What you are asked to do =>
Each line below from the "وتوقيفهما منذ 8/4/2021" line through the "I think unionization" line, those two included, must be restated word for word; the pictures must not be.

Material shown =>
- Opening Delimiter -

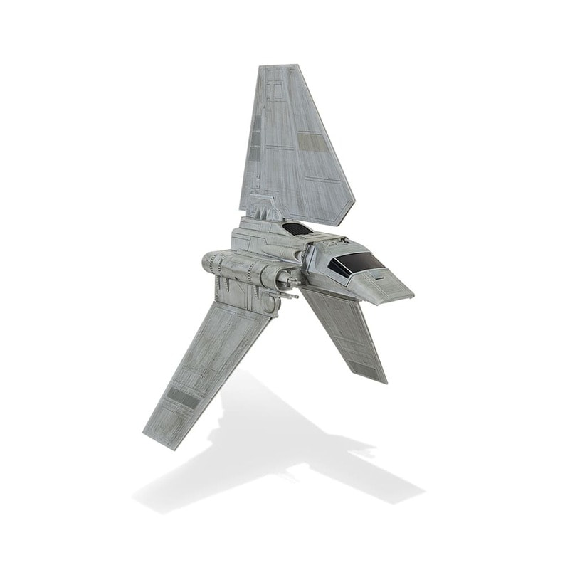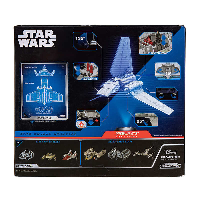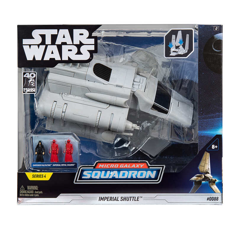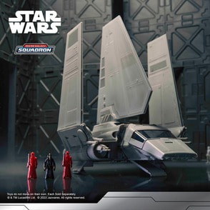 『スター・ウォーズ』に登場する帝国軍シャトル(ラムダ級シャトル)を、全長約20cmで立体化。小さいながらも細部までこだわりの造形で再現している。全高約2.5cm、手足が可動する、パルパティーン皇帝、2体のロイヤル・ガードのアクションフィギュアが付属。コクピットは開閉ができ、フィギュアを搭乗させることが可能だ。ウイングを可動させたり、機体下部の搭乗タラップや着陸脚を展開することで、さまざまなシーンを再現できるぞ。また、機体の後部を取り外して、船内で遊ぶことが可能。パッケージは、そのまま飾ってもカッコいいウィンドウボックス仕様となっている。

- Closing Delimiter -
- Opening Delimiter -

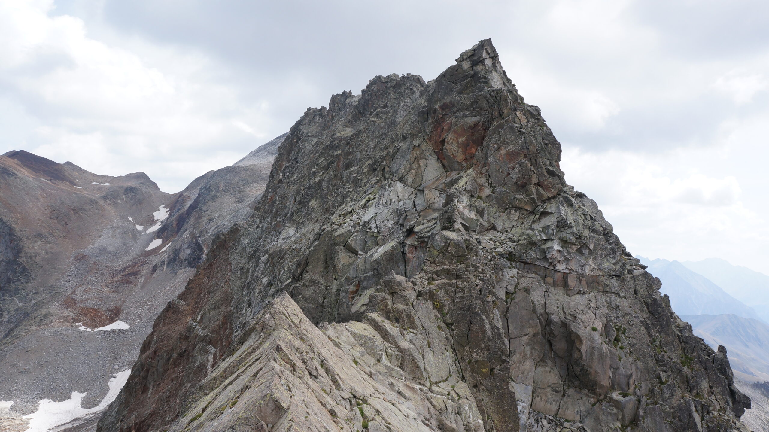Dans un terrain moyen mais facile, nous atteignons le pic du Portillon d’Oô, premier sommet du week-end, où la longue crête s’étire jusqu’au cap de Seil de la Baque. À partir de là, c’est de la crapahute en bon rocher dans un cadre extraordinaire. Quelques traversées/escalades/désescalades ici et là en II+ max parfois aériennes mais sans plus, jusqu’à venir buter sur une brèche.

- Closing Delimiter -
- Opening Delimiter -

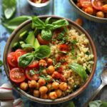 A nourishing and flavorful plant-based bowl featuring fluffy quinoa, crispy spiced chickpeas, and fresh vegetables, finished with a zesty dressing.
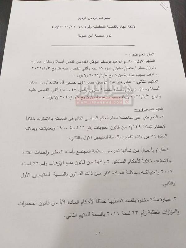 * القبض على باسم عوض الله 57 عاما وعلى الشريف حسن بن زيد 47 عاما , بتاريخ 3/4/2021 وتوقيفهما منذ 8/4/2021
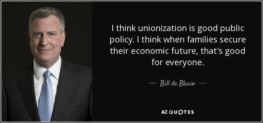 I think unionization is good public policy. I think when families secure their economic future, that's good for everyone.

- Closing Delimiter -

Solution to this problem =>
 * القبض على باسم عوض الله 57 عاما وعلى الشريف حسن بن زيد 47 عاما , بتاريخ 3/4/2021 وتوقيفهما منذ 8/4/2021
 I think unionization is good public policy. I think when families secure their economic future, that's good for everyone.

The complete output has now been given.